For years drug firms have touted AI as a way to speed up discovery and cut costs. The results have disappointed. Algorithms trained on small, messy or inconsistent datasets have often produced ideas that looked clever but failed in the lab or clinic. The problem, many now concede, was not the models. It was the data.
As one researcher close to the project puts it, the goal is to feed AI biology it can actually understand. Capturing how cells respond to genetic change across huge populations should reveal patterns that are invisible in smaller experiments. Those patterns matter most early in research, when targets are chosen and mistakes are cheap.
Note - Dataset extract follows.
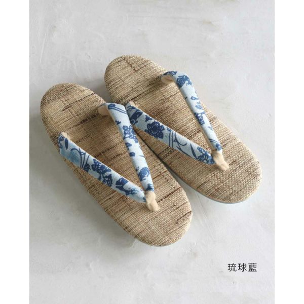 麻100%の太布が涼しげな印象の天板と紅型染めの花緒を使ったレディース雪駄です。

Illumina supplies the sequencing machinery that makes such scale feasible. The firm argues that computing power is no longer the main constraint on AI in life sciences. What holds progress back is the lack of large, standardised datasets that reflect how cells really behave. By focusing on consistency as well as volume, the atlas seeks to fix that.
For Lilly, AstraZeneca and Merck, the appeal is practical. Better insight into disease mechanisms before clinical trials begin could help them back stronger targets and avoid expensive failures later on. In an industry where late-stage disappointments are common and costly, even modest improvements upstream can pay handsomely.
The project also points to a wider shift. Drug discovery has long been secretive, with data hoarded inside firms. Building shared infrastructure suggests a grudging recognition that some problems are too big to solve alone. Questions remain about who gets access and whether smaller biotech firms will benefit. But the direction is clear.
If biology can be treated as a scalable data problem, AI may yet earn its keep. Alliances like this one will help decide which firms are best placed to do so.